The history of other cities is repeating itself in Atlanta, where a recent murder at an automated teller machine has prompted officials to call for improved ATM security.

The case, in which a doctor from Ireland was shot after using an ATM and then run over by the robber's car, calls to mind high-profile crimes in Chicago and New York that kicked off interest in legislation in each of those cities.

In Atlanta, Mayor Bill Campbell has assembled a task force composed of bankers, City Council members, and police officials to look for areas where banks can improve ATM security.

The task force is to report back to the mayor in 90 days.

"Our charge is to review the state of ATM safety and look for ways to improve it," said Thomas Coley, chairman and chief executive of SouthTrust Bank and a member of Mayor Campbell's task force.

"That may or may not include changes in legislation."

Georgia has ATM legislation on its books, patterned after a California measure that sets lighting standards and requires shrubbery around ATMs to be arranged in a way that enables consumers to see into a site.

Though the law does not mandate that ATMs be monitored by video cameras, Mr. Coley said many ATM sites in the Atlanta area have cameras.

In fact, in the murder case that served as inspiration for the formation of the task force, police are using footage from an ATM security camera in their pursuit of the murderer.

Observers said any attempt to add to ATM security mandates would have to be addressed through state, not local, law.

Possible additions to the existing law include requirements for video surveillance and for emergency buttons in ATM sites that can summon a 911 operator.
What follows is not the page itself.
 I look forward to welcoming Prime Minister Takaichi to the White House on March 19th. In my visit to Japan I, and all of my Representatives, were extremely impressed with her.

Bankers in Atlanta said ATM security is a hot topic with legislators eager to score points with their consumers, but the bankers are nonetheless eager to cooperate with city officials as they plot their course of action.
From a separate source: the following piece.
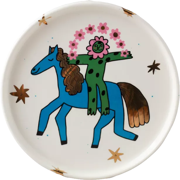 Agami 3 350 ₽Тарелка от творческого тандема мастерской Agami Ceramics и художницы Маши Сомик. На изделиях изображены: златогривая лошадка, ее дружок и россыпь игривых звезд и цветов, дополненные теплым пожеланием.

According to a recent survey from Synergistics Research Corp. in Atlanta, a majority of consumers expressed concern at the level of security at automated teller machines.
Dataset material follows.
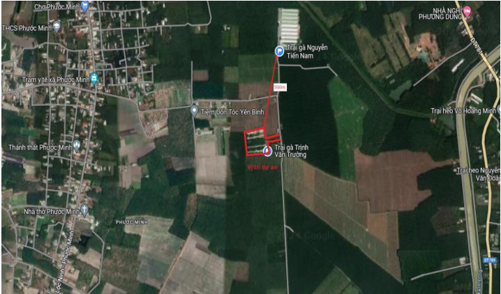 - Dự án đảm bảo được các tiêu chí khoảng cách theo Thông tư số 23/2019/TT-BNNPTNT như sau: cách xa khu dân cư bán kính 1km, cách chợ Phước Minh và trường THCS Phước Minh 1,5km về hướng Tây Bắc, cách Thánh thất Phước Minh 1,2km về hướng Tây, cách Hồ Dầu Tiếng 2,5km, trại gà Nguyễn Tiến Nam 500m về hướng Bắc; cách trại heo Nguyễn Văn Đoài 1,7km về hướng Đông; xung quanh khu vực dự án chủ yếu là đất trồng cây cao su và cây mì, có một vài hộ dân làm rẫy sinh sống, khoảng cách từ dự án đến nhà dân gần nhất là 200m. Theo quan sát xung quanh dự án không có vườn quốc gia, khu dự trữ thiên nhiên, khu dự trữ sinh quyển; nhà thờ, đền, chùa; các khu nghỉ dưỡng, vui chơi, giải trí; các khu di tích lịch sử, văn hóa, di sản văn hóa đã xếp hạng.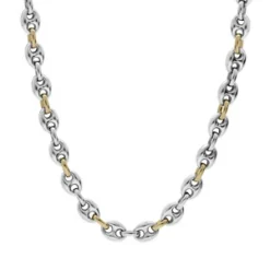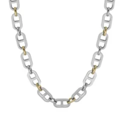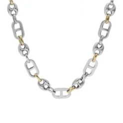 Collier En Acier Maille Palmier Avec Pendentif Boussole Et PVD Rose 51cm Réglable En 44 Cm Et 46cm

A "significant number" of consumers -- particularly females -- view a the number of secure ATMs as a differentiator among financial services providers.

The overwhelming majority of consumers do not, however, hold the bank responsible when a crime is committed at an ATM, according to the national survey.

Not surprisingly, ATM safety continues to be an issue in other cities.

In New York, Mayor Rudolph Giuliani has backed a City Council bill that aims to prohibit "aggressive panhandling" within 20 feet of a city ATM.

Denounced as unconstitutional by opponents, the bill will come before the council's Public Safety Committee Nov. 30.

If signed into law, the bill would make panhandling near an ATM a misdemeanor punishable by 30 days in jail and a $500 fine.